Exercise details. Starting at the line containing "At another point" and ending at the line containing "Результатом опроса стал", transcribe the listing below exactly. Keep both end lines, skip the pictures, and copy nothing else.

======== Records for this exercise ========

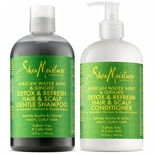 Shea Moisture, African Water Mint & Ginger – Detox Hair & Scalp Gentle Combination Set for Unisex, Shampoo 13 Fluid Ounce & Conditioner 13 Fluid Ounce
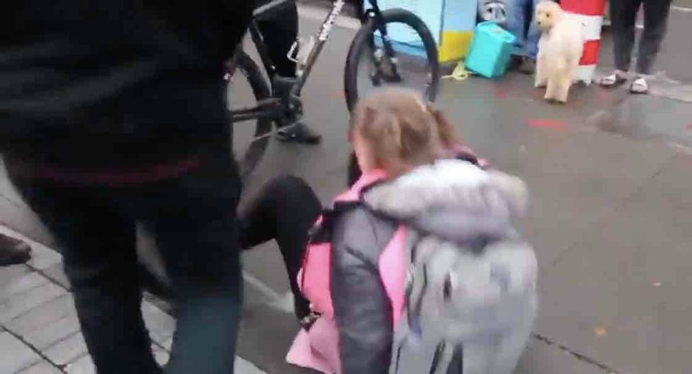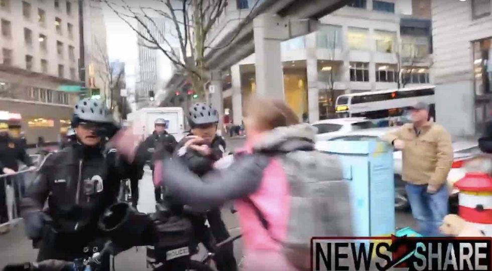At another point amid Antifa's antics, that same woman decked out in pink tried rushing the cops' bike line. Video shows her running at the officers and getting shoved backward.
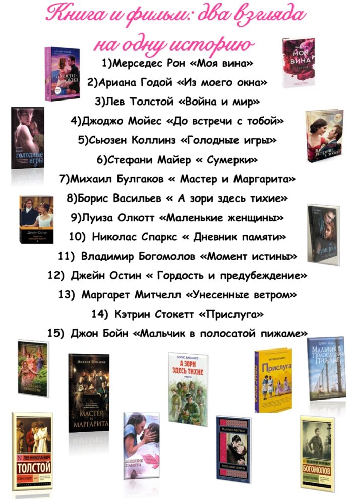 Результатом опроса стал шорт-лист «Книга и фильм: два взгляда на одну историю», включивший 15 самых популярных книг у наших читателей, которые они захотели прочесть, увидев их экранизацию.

========
======== Records for this exercise ========

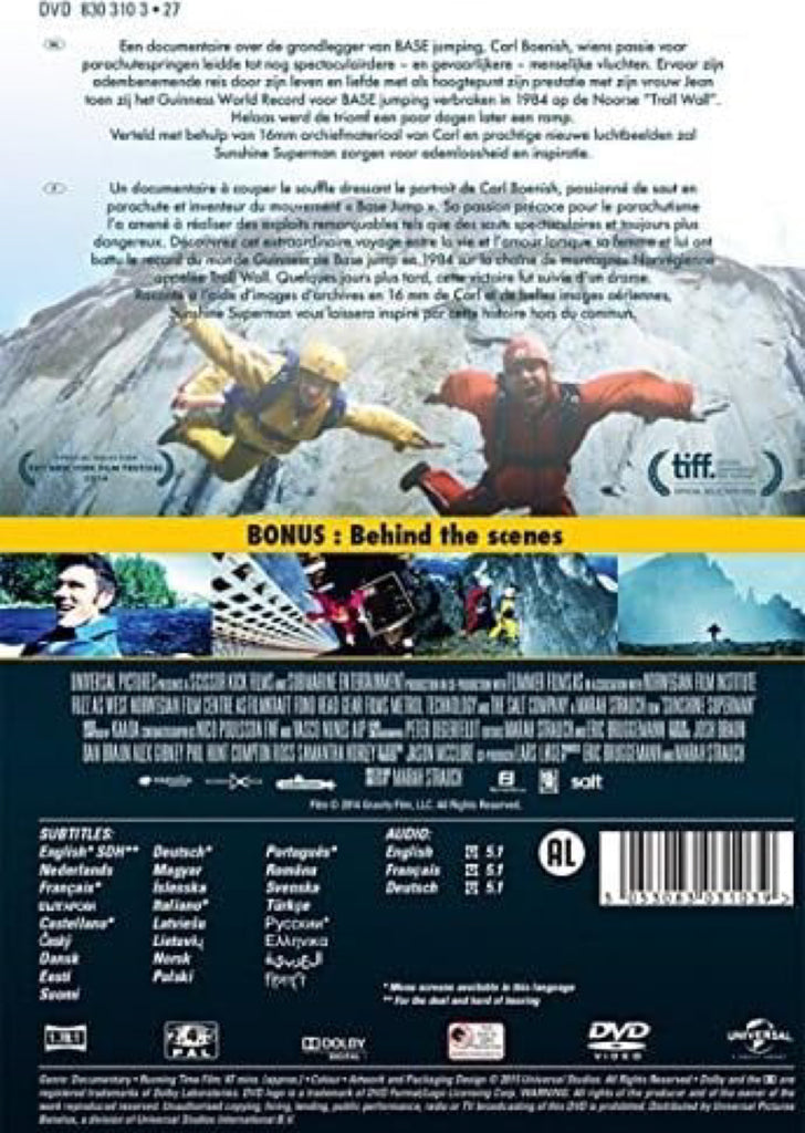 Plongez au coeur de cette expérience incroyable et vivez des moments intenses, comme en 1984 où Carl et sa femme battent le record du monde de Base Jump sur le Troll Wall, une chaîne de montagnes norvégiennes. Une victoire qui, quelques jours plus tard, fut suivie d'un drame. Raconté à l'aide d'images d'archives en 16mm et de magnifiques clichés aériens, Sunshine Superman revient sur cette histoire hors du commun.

========
======== Records for this exercise ========

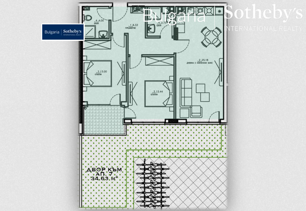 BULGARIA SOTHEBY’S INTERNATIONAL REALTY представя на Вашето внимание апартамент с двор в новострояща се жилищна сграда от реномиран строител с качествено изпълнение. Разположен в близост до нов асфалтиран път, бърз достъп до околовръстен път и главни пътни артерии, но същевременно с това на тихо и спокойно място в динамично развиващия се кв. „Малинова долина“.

========

Result of the exercise.
At another point amid Antifa's antics, that same woman decked out in pink tried rushing the cops' bike line. Video shows her running at the officers and getting shoved backward.
 Результатом опроса стал шорт-лист «Книга и фильм: два взгляда на одну историю», включивший 15 самых популярных книг у наших читателей, которые они захотели прочесть, увидев их экранизацию.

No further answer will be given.